Il Codice Borbonico, conservato a Parigi nella Bibliothèque de l’Assemblèe Nationale, è una copia di un codice azteco antico realizzata nel periodo coloniale e contiene fra l’altro questioni divinatorie e rituali, con riferimento anche alle previsioni militari.
Presso gli Aztechi era data per certa la progressiva realizzazione di profezie antecedenti sia per gli individui che per questioni politiche e militari. Lo stesso Montezuma era persuaso che l’arrivo degli spagnoli e la sconfitta degli aztechi fosse stata profetizzata, anche se altri capi aztechi a lui contrari interpretavano i presagi in senso opposto.
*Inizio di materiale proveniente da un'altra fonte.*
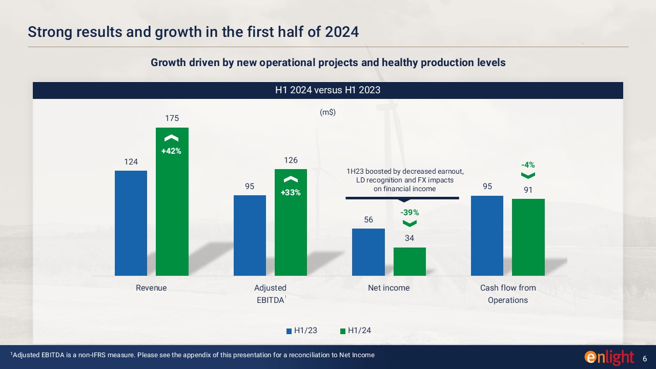 Q2 2024 versus Q2 2023  Outstanding quarterly results and growth  Growth driven by new operational projects and healthy production levels  ($m)  1  5  2Q23 boosted by decreased earnout and LD recognition; 2Q24 impacted by inflation indexation of financial expense  +38%  -58%  +61%  +42%  1Adjusted EBITDA is a non-IFRS measure. Please see the appendix of this presentation for a reconciliation to Net Income

Nelle pratiche di divinazione venivano usati anche allucinogeni che si pensava potessero dare la visione di successi militari. Nella sua cronaca sulle Indie della Nuova Spagna, il frate domenicano Diego Durán riferì che Montezuma prima di iniziare una guerra, saliva su un tempio e «faceva mangiare agli anziani ed ai sacerdoti antichi funghi verdi e bere altre bevande superstiziose, affinché l’ebbrezza causata da quei cibi e bevande rivelasse se il loro esercito sarebbe stato vittorioso o no, e infelici quelli che annunciavano l’insuccesso, poiché dopo li faceva uccidere, senza alcun rimedio»32 .
32 Diego Durán, Historia de las Indias de Nueva España y islas de la tierra firme, 1581,
I, LXV. L’opera, citata già da un confratello (Agustín de Dávila Padilla) nel 1596, fu pubblicata per la prima volta in vari volumi tra il 1867 e il 1880 da José Fernando
Ramírez, che ottenne il manoscritto dalla Biblioteca Nazionale di Madrid.